» **Exercise**
Only one span is wanted from the lines below: from the one with "Description: White text" up to and including the one with "引起熱議的推主貼文寫道:「雖". Copy it exactly, without images.

» **Given records**

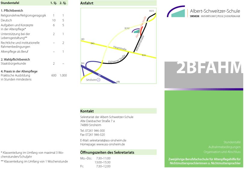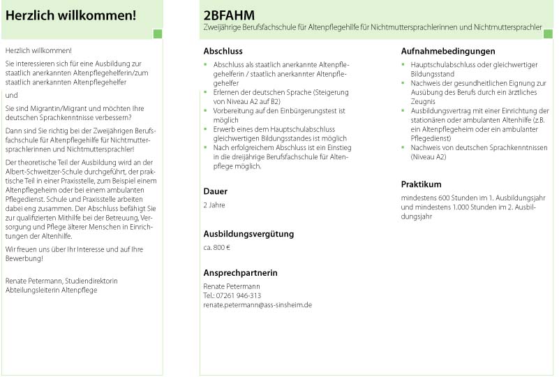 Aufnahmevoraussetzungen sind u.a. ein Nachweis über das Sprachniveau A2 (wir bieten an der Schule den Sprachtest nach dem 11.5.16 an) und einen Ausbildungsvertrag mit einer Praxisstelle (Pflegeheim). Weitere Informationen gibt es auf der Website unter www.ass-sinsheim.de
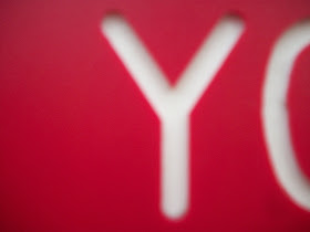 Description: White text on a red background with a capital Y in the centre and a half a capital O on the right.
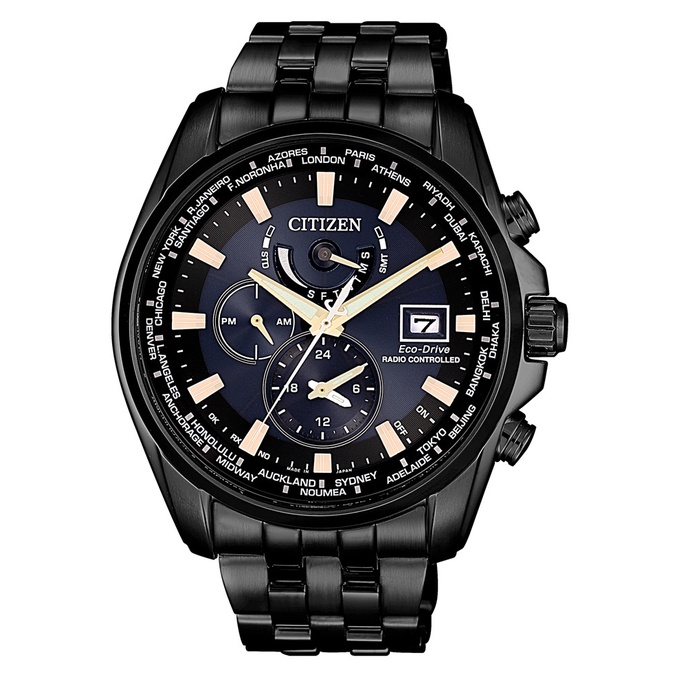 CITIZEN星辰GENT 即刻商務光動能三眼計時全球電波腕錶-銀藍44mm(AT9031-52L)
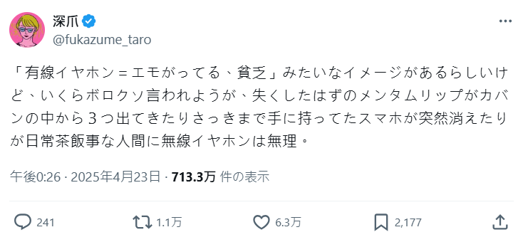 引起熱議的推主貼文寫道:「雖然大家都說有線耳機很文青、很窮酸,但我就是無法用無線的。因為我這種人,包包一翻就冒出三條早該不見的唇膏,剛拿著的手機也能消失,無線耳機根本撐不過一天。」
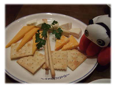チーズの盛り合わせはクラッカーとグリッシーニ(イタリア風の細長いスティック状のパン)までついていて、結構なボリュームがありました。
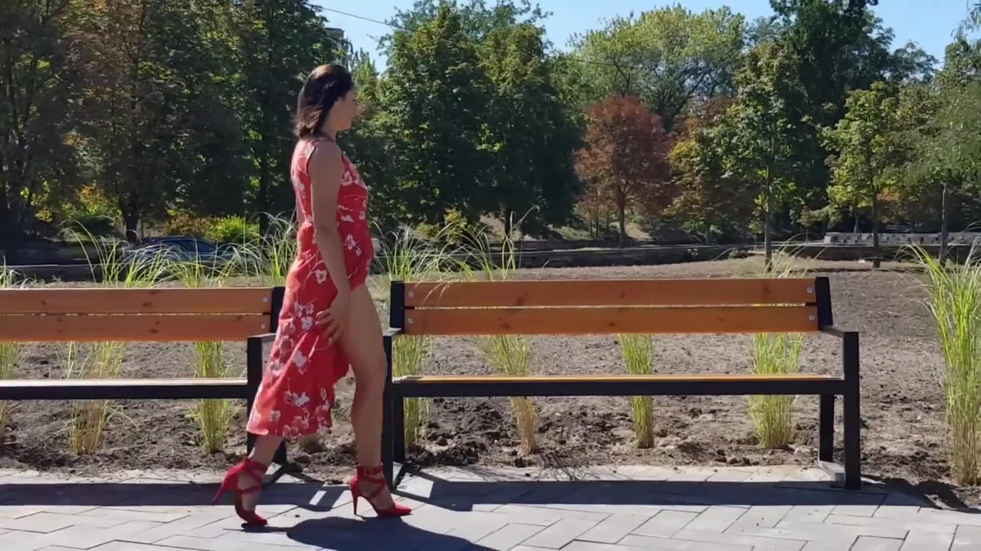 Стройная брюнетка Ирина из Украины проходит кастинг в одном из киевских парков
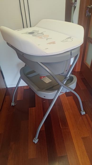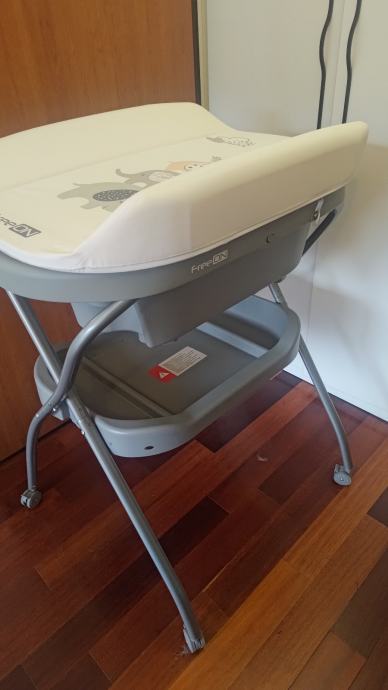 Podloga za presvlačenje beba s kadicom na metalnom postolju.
...
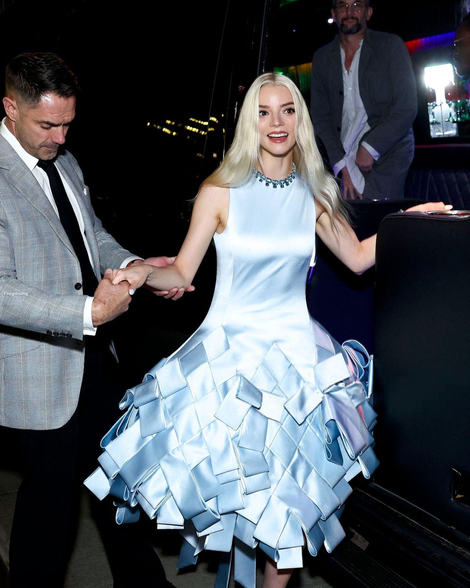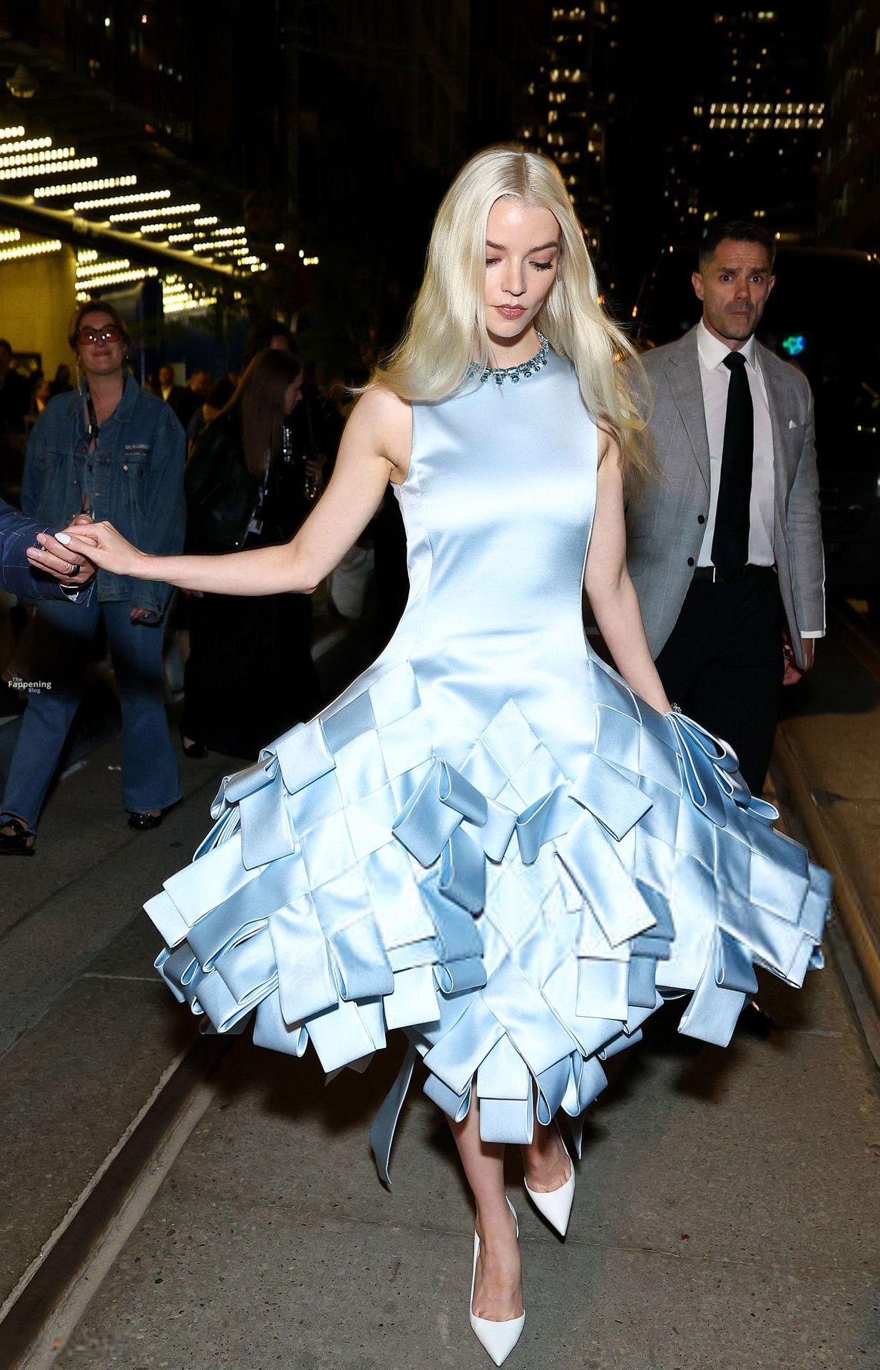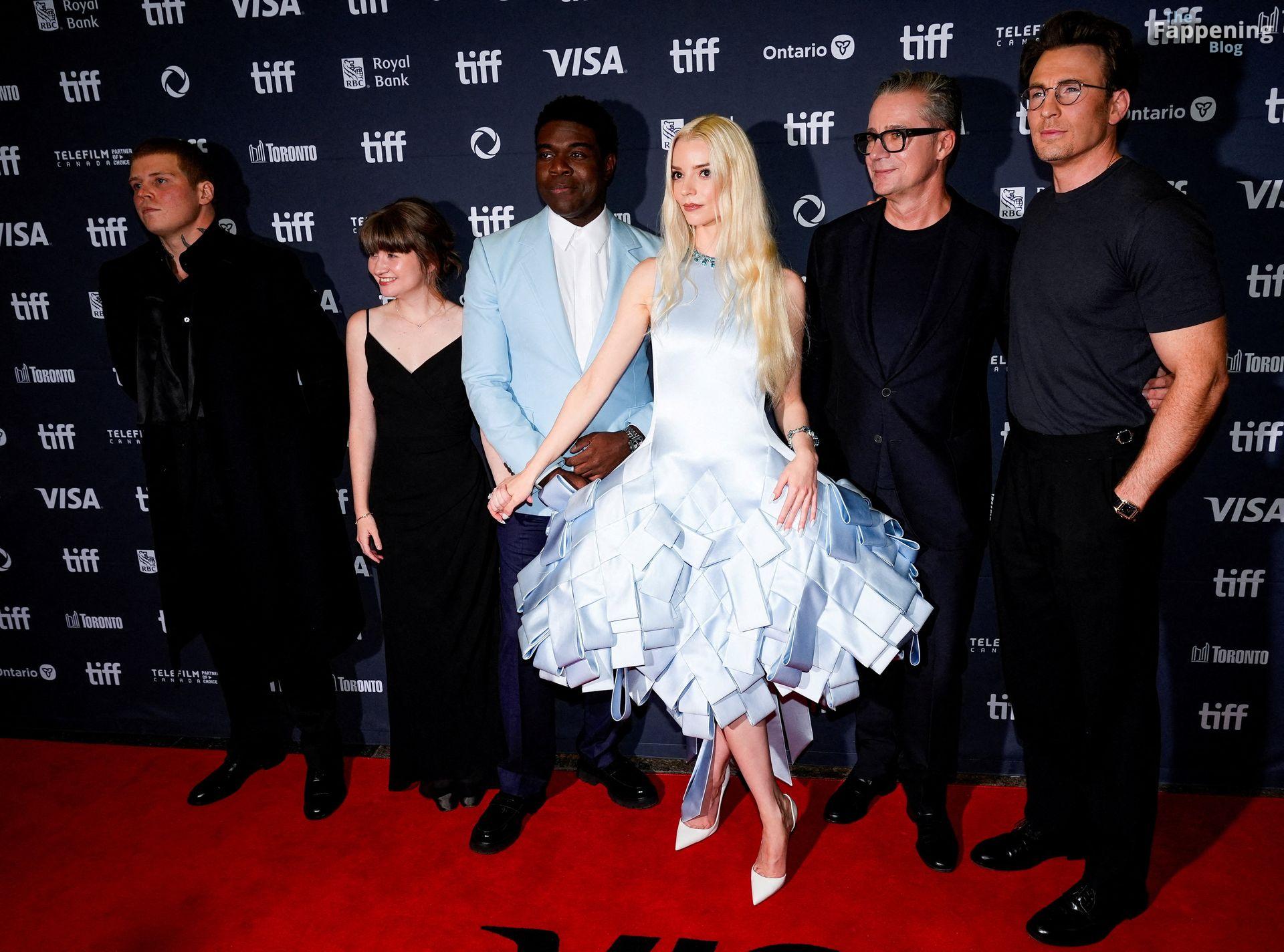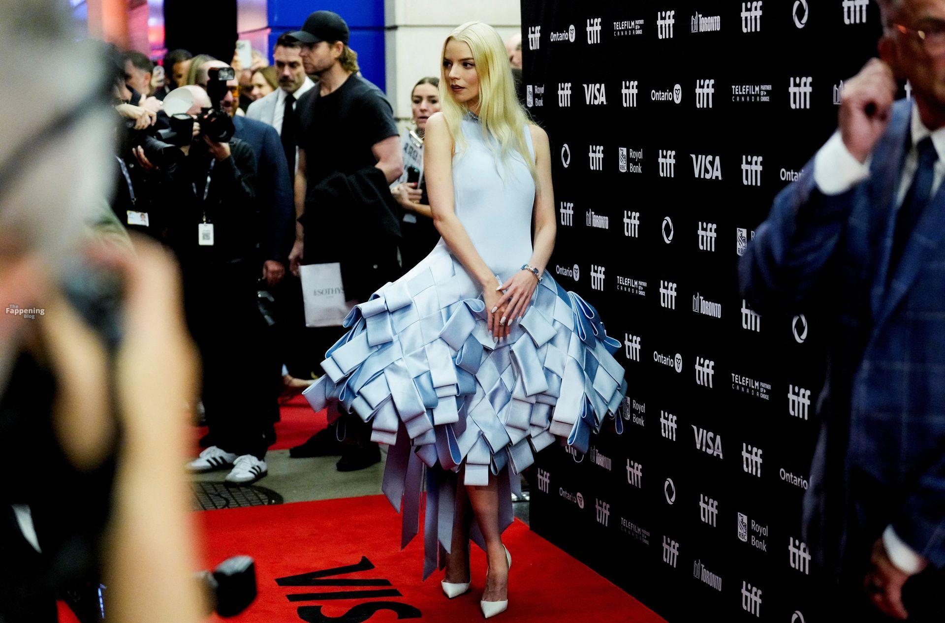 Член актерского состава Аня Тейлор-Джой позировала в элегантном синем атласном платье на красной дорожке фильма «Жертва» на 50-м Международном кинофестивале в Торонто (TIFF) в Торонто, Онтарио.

» **Answer to this exercise**
 Description: White text on a red background with a capital Y in the centre and a half a capital O on the right.
 CITIZEN星辰GENT 即刻商務光動能三眼計時全球電波腕錶-銀藍44mm(AT9031-52L)
 引起熱議的推主貼文寫道:「雖然大家都說有線耳機很文青、很窮酸,但我就是無法用無線的。因為我這種人,包包一翻就冒出三條早該不見的唇膏,剛拿著的手機也能消失,無線耳機根本撐不過一天。」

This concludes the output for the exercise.